The guidance explains that such a severance agreement is a contract that must be supported by consideration. “Consideration” means something of value the employee doesn’t already receive that’s given in return for his agreement to forgo certain legal entitlements.

The EEOC guidance’s primary focus is on what is required for an employee’s waiver of discrimination claims to be valid. First, a waiver must be “knowing and voluntary.” Courts consider things like whether the agreement was written in a way that’s clear and specific enough for the employee to understand it based on his education and business experience. Courts also consider whether there was any fraud, undue influence, or other improper conduct by the employer to induce the employee to sign the waiver.
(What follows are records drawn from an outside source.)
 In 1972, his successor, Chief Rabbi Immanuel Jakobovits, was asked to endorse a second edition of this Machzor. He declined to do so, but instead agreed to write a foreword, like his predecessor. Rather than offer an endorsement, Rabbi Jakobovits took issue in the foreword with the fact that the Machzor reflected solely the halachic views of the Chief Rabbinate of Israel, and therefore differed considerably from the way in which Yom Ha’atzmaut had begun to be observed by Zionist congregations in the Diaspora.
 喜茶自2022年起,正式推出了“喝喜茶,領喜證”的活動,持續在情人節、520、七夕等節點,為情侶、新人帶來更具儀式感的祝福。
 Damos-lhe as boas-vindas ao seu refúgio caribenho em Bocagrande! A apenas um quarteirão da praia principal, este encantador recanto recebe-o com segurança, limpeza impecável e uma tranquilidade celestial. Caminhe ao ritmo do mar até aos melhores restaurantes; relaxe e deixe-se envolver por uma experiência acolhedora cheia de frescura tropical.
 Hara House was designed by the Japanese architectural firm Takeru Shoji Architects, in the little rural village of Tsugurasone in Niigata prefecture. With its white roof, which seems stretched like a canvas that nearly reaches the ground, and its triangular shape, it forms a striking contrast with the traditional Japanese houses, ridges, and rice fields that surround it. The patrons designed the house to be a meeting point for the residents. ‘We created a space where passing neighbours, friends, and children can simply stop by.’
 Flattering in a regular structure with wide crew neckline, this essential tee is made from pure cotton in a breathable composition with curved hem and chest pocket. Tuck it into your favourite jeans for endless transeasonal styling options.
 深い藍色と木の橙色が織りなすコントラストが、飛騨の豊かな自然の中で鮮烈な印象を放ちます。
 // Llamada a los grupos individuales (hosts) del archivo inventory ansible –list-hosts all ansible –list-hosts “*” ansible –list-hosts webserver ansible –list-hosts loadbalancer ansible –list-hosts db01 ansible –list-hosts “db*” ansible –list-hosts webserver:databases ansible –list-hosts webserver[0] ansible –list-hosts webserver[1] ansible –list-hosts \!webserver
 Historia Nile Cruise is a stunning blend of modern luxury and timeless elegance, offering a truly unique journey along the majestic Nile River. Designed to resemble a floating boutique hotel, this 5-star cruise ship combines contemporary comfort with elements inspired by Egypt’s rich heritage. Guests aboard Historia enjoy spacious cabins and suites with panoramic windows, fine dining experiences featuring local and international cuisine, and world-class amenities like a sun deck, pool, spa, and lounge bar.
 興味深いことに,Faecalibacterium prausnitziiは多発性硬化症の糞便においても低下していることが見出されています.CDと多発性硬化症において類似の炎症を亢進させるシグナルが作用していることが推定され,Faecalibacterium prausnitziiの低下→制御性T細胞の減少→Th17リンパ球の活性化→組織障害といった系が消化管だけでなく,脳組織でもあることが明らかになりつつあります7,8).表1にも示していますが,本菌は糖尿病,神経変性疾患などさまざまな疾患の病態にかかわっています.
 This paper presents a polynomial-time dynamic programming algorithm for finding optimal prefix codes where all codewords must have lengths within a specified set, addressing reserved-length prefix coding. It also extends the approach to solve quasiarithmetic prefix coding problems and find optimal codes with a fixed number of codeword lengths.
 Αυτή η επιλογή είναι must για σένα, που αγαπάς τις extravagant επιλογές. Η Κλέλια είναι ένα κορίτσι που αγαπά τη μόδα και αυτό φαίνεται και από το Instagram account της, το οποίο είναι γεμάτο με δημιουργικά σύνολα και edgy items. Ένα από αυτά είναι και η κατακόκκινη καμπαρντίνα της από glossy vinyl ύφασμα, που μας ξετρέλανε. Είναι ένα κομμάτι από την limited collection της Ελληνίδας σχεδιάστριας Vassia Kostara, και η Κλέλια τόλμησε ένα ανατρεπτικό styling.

Other factors include whether the employee had sufficient time to read and consider the agreement before signing it and whether he consulted with an attorney or was encouraged to or discouraged from obtaining legal advice. If the employee provided input in negotiating the terms of the agreement, courts will take that into consideration as well. Finally, a court will evaluate whether the employer offered the employee some form of consideration, such as severance pay, to which he was not already entitled by law or contract.

In discussing what sort of language is clear and specific enough to be understandable to an employee, the guidance cites a federal court decision involving a company in New Mexico. The waiver in that case stated, “I . . . hereby release and discharge [my employer] from any and all claims which I have or might have, arising out of or related to my employment or resignation or termination.” The employee who signed the waiver later sued, claiming race and national origin discrimination. The court allowed the case to proceed because the agreement he signed didn’t specifically mention the release of employment discrimination claims.

The employee had only a high-school education and was unfamiliar with the law. He asserted that he believed he was merely releasing claims arising from his voluntary termination and the benefits package he accepted. The court found that “not an unreasonable conclusion.”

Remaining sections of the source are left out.